Download or read book Heart of Texas Records written by and published by . This book was released on 2002 with total page 588 pages. Available in PDF, EPUB and Kindle. Book excerpt:

Book A Manuscript of the Thomas Whiteside Family  1750 1968

Download or read book A Manuscript of the Thomas Whiteside Family 1750 1968 written by Don Whiteside and published by . This book was released on 1970 with total page 194 pages. Available in PDF, EPUB and Kindle. Book excerpt: Thomas Whiteside (ca. 1755-1823) was born in Ireland and later married Mary Junkin. Both died in Chester County, Pennsylvania. Descendants lived in Pennsylvania, Ohio, Tennessee, Missouri, California, New Mexico, Washington, and elsewhere.

Book The Allen Family of England  Virginia  North Carolina  Tennessee  Mississippi  Texas  and Illinois  1600 1995

Download or read book The Allen Family of England Virginia North Carolina Tennessee Mississippi Texas and Illinois 1600 1995 written by Richard Fenton Wicker and published by . This book was released on 1995 with total page 344 pages. Available in PDF, EPUB and Kindle. Book excerpt: Surname also spelled Allan, Allin, Allyn, Allein, Alleyn, etc.

Book Old Kentucky Entries and Deeds

    Book Details:
  • Author : Willard Rouse Jillson
  • Publisher : Genealogical Publishing Com
  • Release : 2012-11
  • ISBN : 0806301937
  • Pages : 588 pages

Download or read book Old Kentucky Entries and Deeds written by Willard Rouse Jillson and published by Genealogical Publishing Com. This book was released on 2012-11 with total page 588 pages. Available in PDF, EPUB and Kindle. Book excerpt: By: Willard Rouse Jillson, Pub. 1926, Reprinted 2018, 582 pages, soft cover, Index, ISBN #0-89308-949-4. This is a complete index to the earliest land records of Kentucky alphabetically arranged under the names of the grantees, giving the number of acres, dates, locations, and page references in the original records.

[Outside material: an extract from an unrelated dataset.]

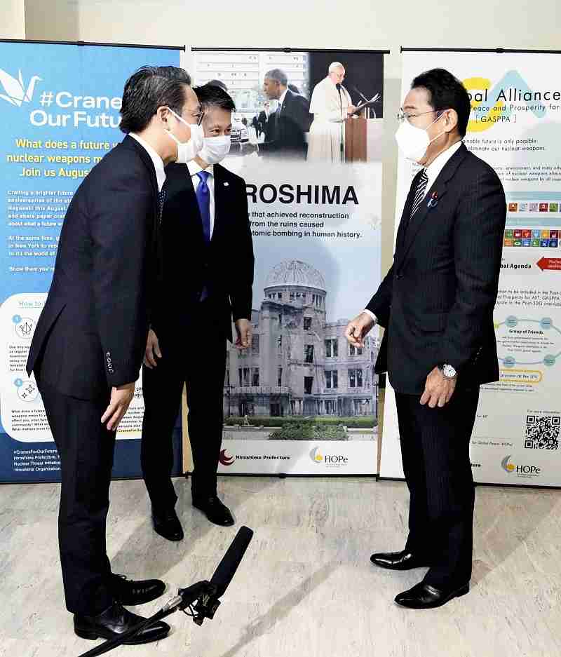 Prime Minister Fumio Kishida, right, meets with Nagasaki Gov. Kengo Oishi and Hiroshima Gov. Hidehiko Yuzaki at an exhibition on the abolition of nuclear weapons in New York on Monday.
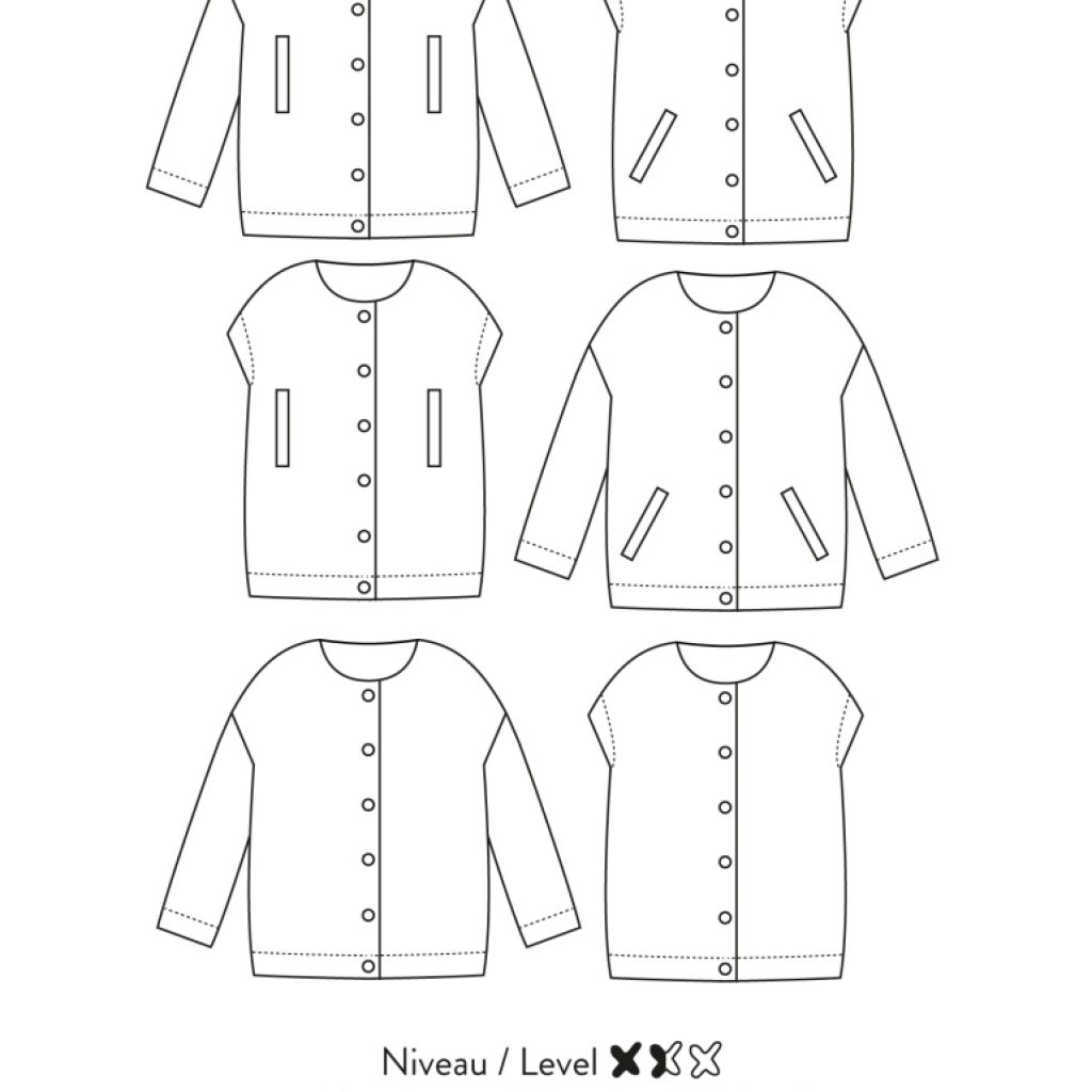 Veste over-size avec ou sans manches, à la fois confortable et charismatique. Sa forme boule vous donnera irrésistiblement envie de vous y lover ! Modèle non doublé, simplement fini par des parementures et des enformes gansés, permettant l’usage de tissus aussi beaux dedans que dehors. Epaule basse et encolure ras-du-cou. Option poche paysanne, haute ou basse

The bulk of the work is devoted to the early Fayette, Lincoln, and Jefferson county records which were turned over to Kentucky by Virginia in 1792. Also included are Military Warrants 1782-1793, Court of Appeals Deeds-Grantees 1783-1909, Court of Appeals Deeds-Grantors 1783-1909, Court of Appeals Deeds-Wills 1779-1850, and Court of Appeals Deeds-Power of Attorneys 1781-1853.